PROBLEM TO SOLVE: Every line between the one containing "1、进入app后新用户注册登" and the last line of the data, both included, is to be set down exactly, and pictures are to be omitted.

■ ■ ■ ■ ■ ■ ■

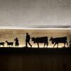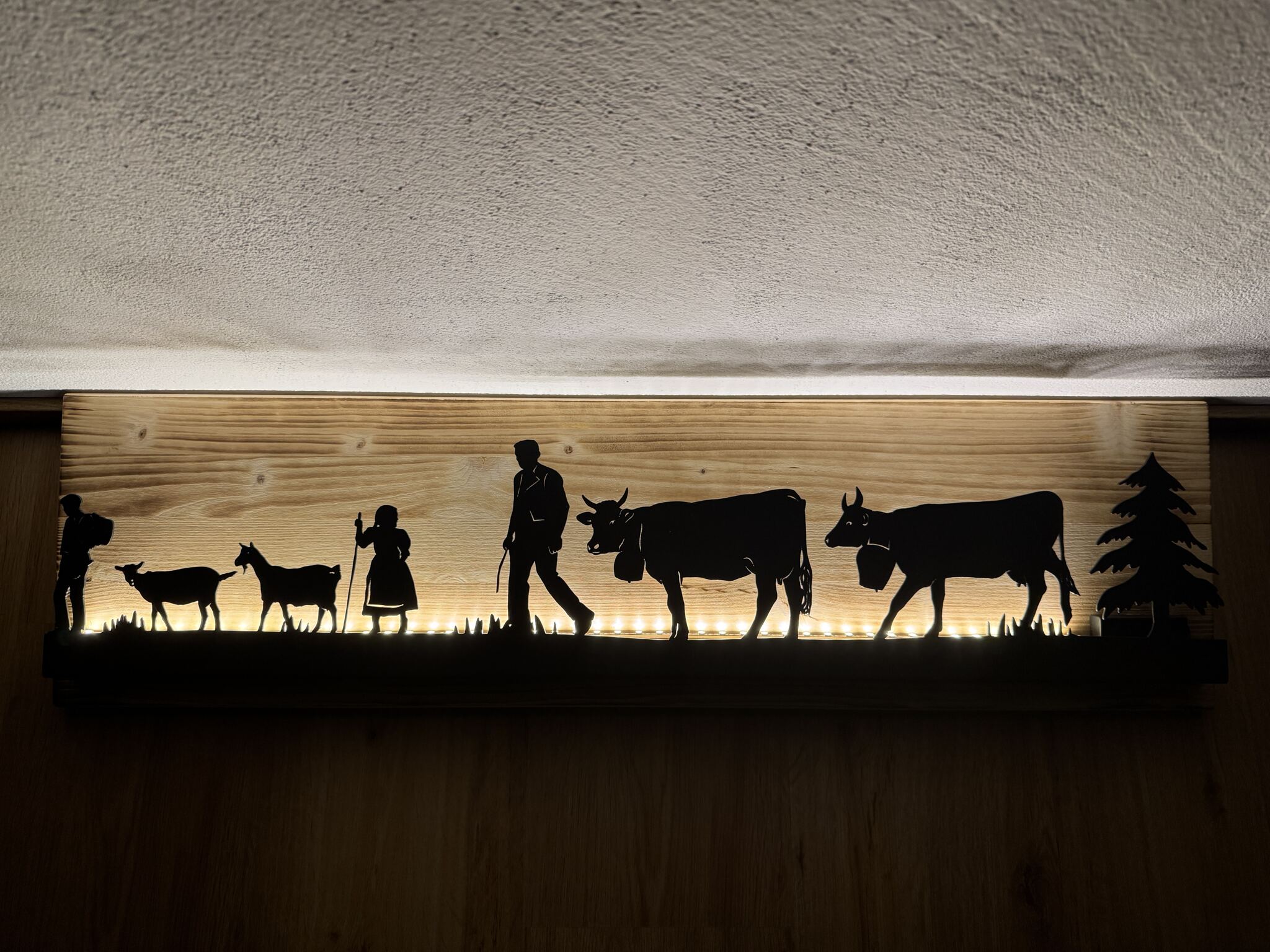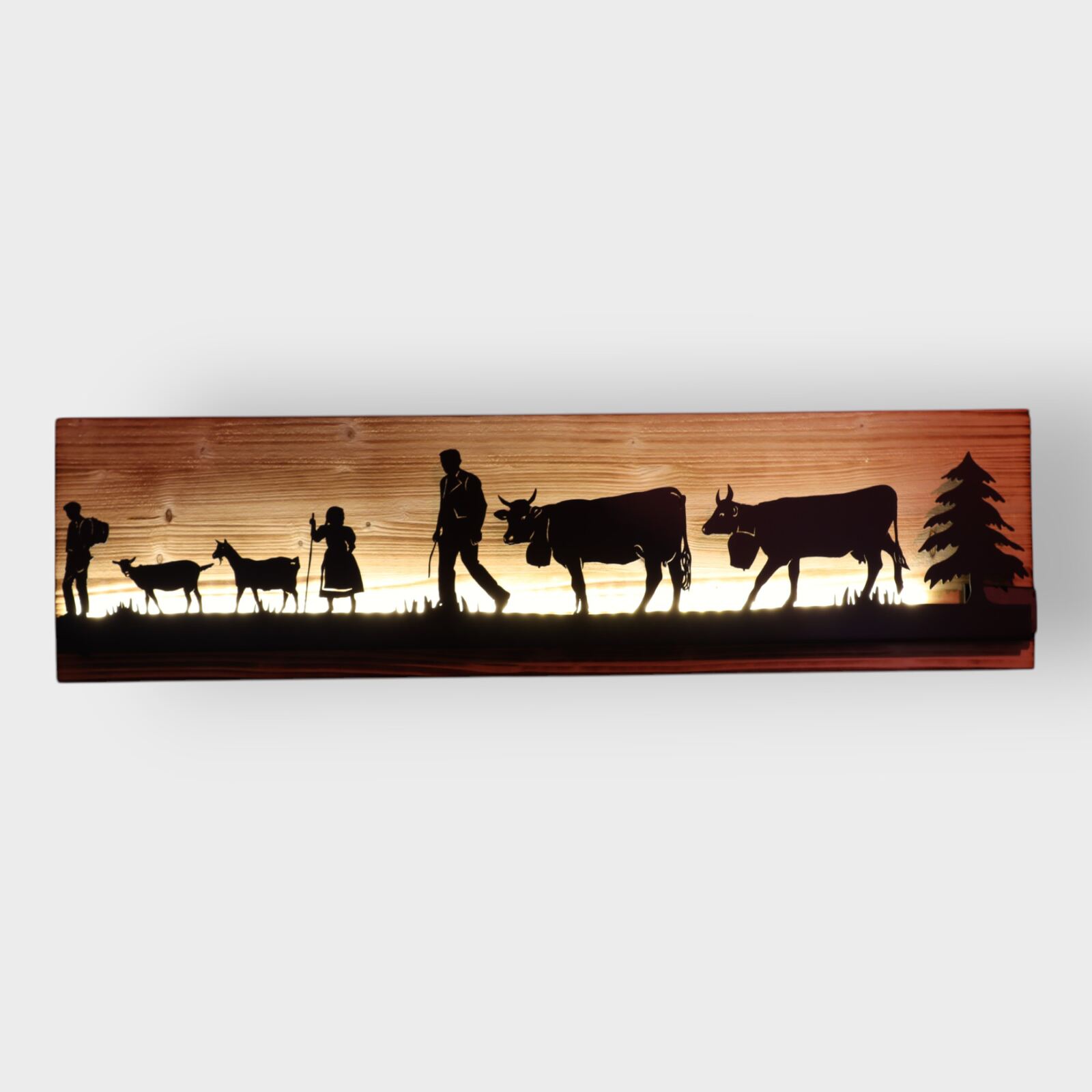 Bild beleuchtet 92 cm mit Silhouette Alpabzug / Alpaufzug Anfang auf Holz
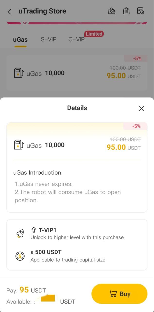 **Step 3:** Click **\[**<mark style="color:blue;">**Buy**</mark>**],** Once the purchase is completed, you can immediately see the uGas balance in your uTrading’s account.
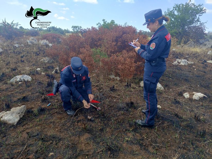 Dopo accertamenti effettuati sul campo con l’ausilio delle immagini registrate da telecamere, i Carabinieri Forestali del Nucleo di Gallipoli sono pervenuti all’identificazione del presunto autore dell’incendio sviluppatosi il 27 luglio scorso in contrada Bernardini in agro di Nardò, deferendolo, in stato di libertà, alla Procura della Repubblica di Lecce.
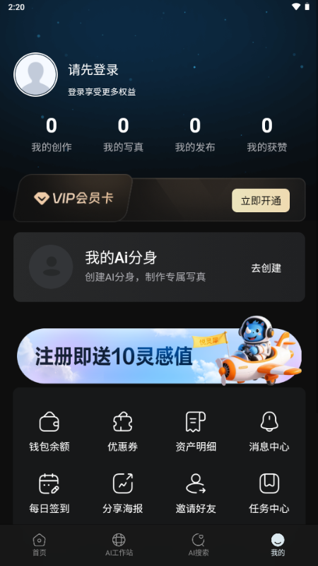 1、进入app后新用户注册登录可免费得到平台灵感值,这个灵感值可以免费进行ai绘画创作
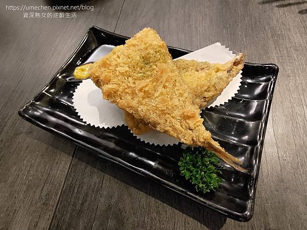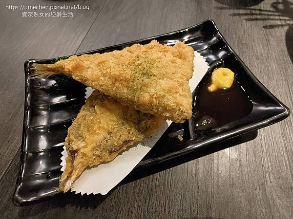 炸魚端上桌後,哈!真的和日劇裡的一模一樣,直接重溫劇情。第一次吃竹筴魚,剛炸好,好好吃唷!
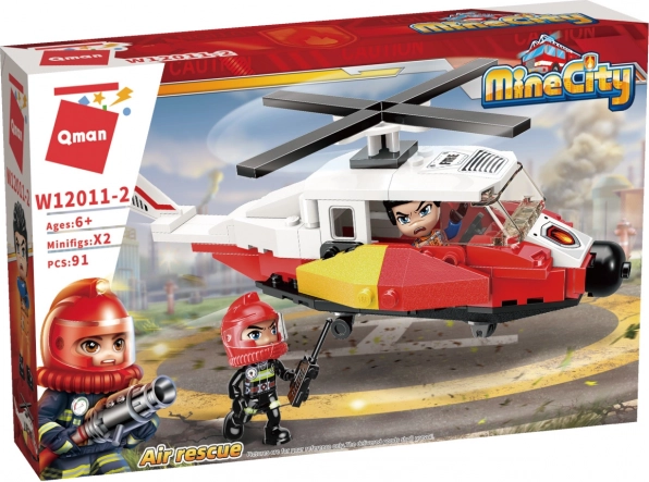 Byg en detaljeret helikopter med roterende rotor og cockpit til piloten – perfekt til actionfyldte brandindsatser og luftmissioner.

■ ■ ■ ■ ■ ■ ■

RESPONSE BELOW:
 1、进入app后新用户注册登录可免费得到平台灵感值,这个灵感值可以免费进行ai绘画创作
 炸魚端上桌後,哈!真的和日劇裡的一模一樣,直接重溫劇情。第一次吃竹筴魚,剛炸好,好好吃唷!
 Byg en detaljeret helikopter med roterende rotor og cockpit til piloten – perfekt til actionfyldte brandindsatser og luftmissioner.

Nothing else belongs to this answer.